Она открывает конверт. Достает несколько двадцаток, там одни двадцатки. Ее глаза изумленно расширяются. Я выхватываю конверт. Быстро пересчитываю деньги, пока Длинная Шея не закончил свои дела.
- Тут больше шести сотен, - говорю я Ребекке. - Вот это я называю "возврат затраченных средств".
Ребекка замечает, что грузовичок отъезжает, и запихивает конверт назад под сиденье.
- Ты правда хочешь эту машину? - громко спрашиваю я, когда Длинная Шея подходит к нам. Ребекка кивает. - Что ж, тогда с днем рождения!
- Ой, мамочка! - Ребекка с визгом бросается меня обнимать. Потом вырывается из моих объятий и трясет руку Длинной Шеи. - Спасибо, спасибо вам огромное!
- Принесу техпаспорт, - говорит Длинная Шея и, прихрамывая, направляется к бетонному зданию, которое, должно быть, служит ему конторой.
Ребекка продолжает улыбаться, пока он не закрывает дверь, потом поворачивается ко мне.
- Давай выбираться из этой дыры. - Она откидывает голову на подголовник сиденья. - Неужели кто-нибудь еще танцует чечетку?
Длинная Шея появляется с таким же конвертом, как и тот, в котором под сиденьем лежат сокровища, - неужели это тайник, о котором он забыл? Я пересчитываю наличные.
- Деньги нужно держать в банке, - советую я ему. - В любой момент могут ограбить.
Он смеется, обнажая беззубые десны.
- Только не здесь. Туристы в Поплар не приезжают. К тому же, - он указывает на ружье, висящее рядом с колонкой, - грабители знают, где искать.
Я выдавливаю слабую улыбку.
- Что ж, спасибо вам за помощь.
Неужели он станет в нас стрелять, когда поймет, что оставил деньги в этой машине?
Ребекка перетаскивает наши пожитки из универсала. Она берет с заднего сиденья спортивную сумку, из бардачка достает карты и бросает все это в крошечный багажник новой машины.
- Ждите моего появления на киноэкранах! - кричит Ребекка старику.
Мы останавливаемся у нашего универсала, ожидая почувствовать что-то сродни угрызениям совести, которые одолевают человека, когда он оставляет частичку себя, отдавая привычную вещь взамен новой, как делаем мы. Но эта машина напоминает мне об Оливере, о побеге, и я не думаю, что буду по ней скучать.
- Мама, - торопит Ребекка, - опоздаем на прослушивание.
Она закидывает руки за голову, когда мы на обратном пути бороздим поле, - на этот раз ехать легче, потому что мы уже проложили дорогу. Стебли травы лезут прямо в машину, поскольку мы едем с откидным верхом, хлещут нас по груди и лицу. Ребекка срывает их и подбирает букет в фиолетовых тонах.
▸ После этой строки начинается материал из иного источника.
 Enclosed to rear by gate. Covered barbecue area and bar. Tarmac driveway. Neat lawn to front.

- Это не машина, а нечто! - кричит она, но ее слова теряются на ветру.
Ехать намного веселее. Машина не такая тяжеловесная, как универсал, это точно, и я постоянно смотрю в зеркало заднего вида, ожидая увидеть ее продолжение. В салоне места хватает только для нас с Ребеккой.
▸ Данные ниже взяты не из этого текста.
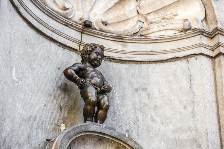 Profile view of the Manneken Pis in Brussels, Belgium.

- Как думаешь, чьи это деньги?
- Считаю, что наши, - отвечает дочь. - Что ты за мать! Превратила меня в обманщицу и воровку.
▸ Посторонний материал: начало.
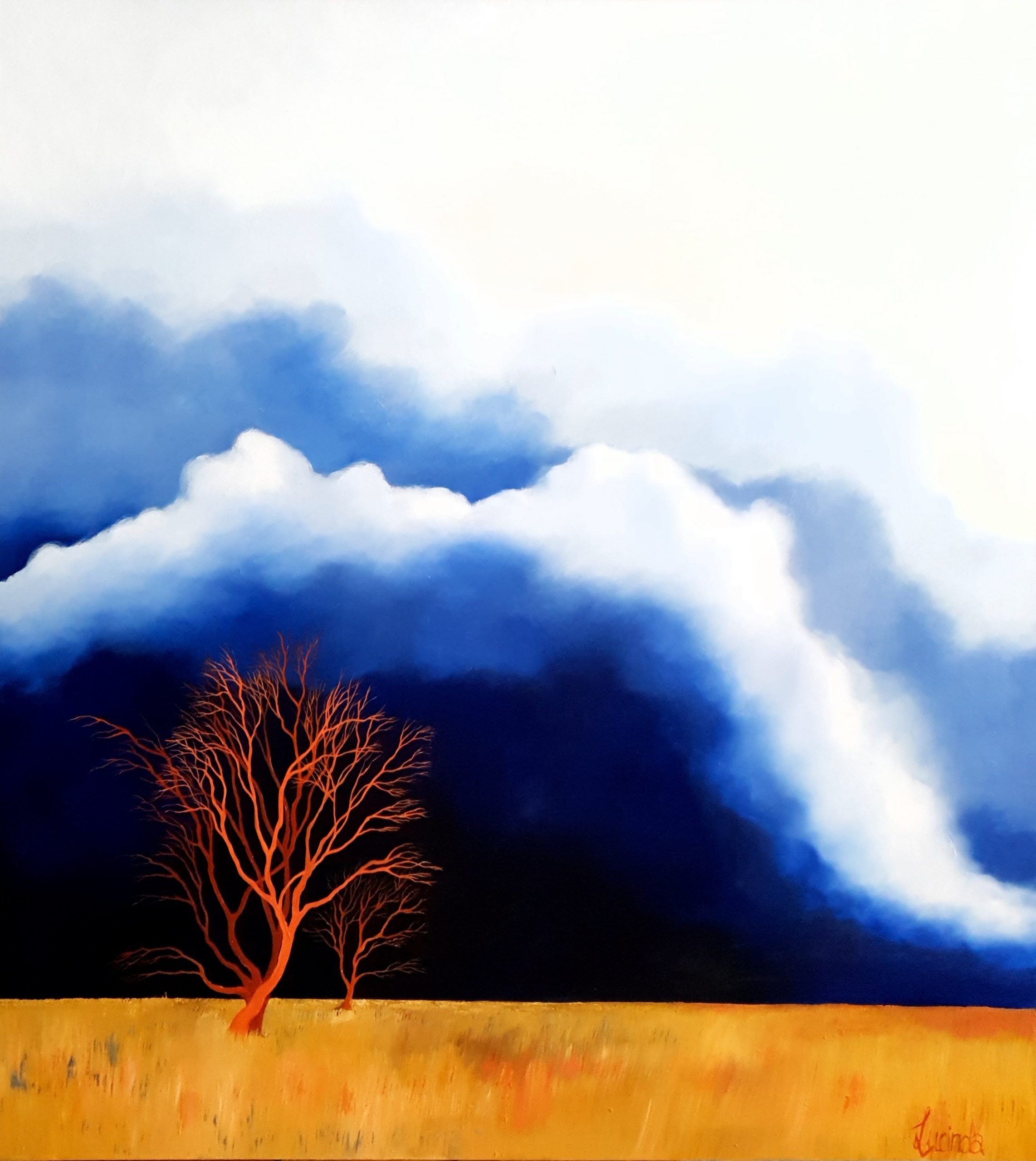 I love to paint trees and clouds – doesn’t matter what colour or type of tree although the bare branches are my favourites. The simplicity of the image contradicts the fine details of the branches and the complimentary palette – leaves me contemplating how opposites work so well together.

- Ты сама превратилась в обманщицу, ведь я не говорила, чтобы ты отбивала чечетку. А что касается воровства - формально мы купили машину, включая все, что оказалось у нее внутри.
Ребекка смотрит на меня и смеется.
- Хорошо-хорошо, это немного нечестно. - Пронесшийся мимо камыш царапает мне щеку, оставляя рельефный след. - Я думаю, деньги принадлежали богатой невесте, которая влюбилась в своего садовника, но была убита бароном, ее женихом.
Ребекка снова смеется.
- Тебе нужно в свободное время писать сценарии для передачи "Все мои дети".
- Садовник видит барона рядом с телом любимой женщины и не может решить, то ли умчаться прочь на машине, то ли скорбеть по любимой. Конечно же, он остается.
- Конечно же.
- И барон убивает его, а потом отгоняет машину в безлюдный городок, где ее никто никогда не найдет. - Я делаю глубокий вдох, невероятно гордясь своей историей. - Что скажешь?
- Во-первых, как все-таки деньги попали в машину? Во-вторых, ни один идиот в здравом уме не станет нарываться на пулю только потому, что его невеста погибла. Если бы он ее действительно любил, то уехал бы и прожил ту жизнь, которую они хотели прожить вместе. - Ребекка ерзает на сиденье и нечаянно сбивает зеркало заднего вида. - Ты безнадежный романтик, мама.
- В таком случае, по-твоему, чьи это деньги?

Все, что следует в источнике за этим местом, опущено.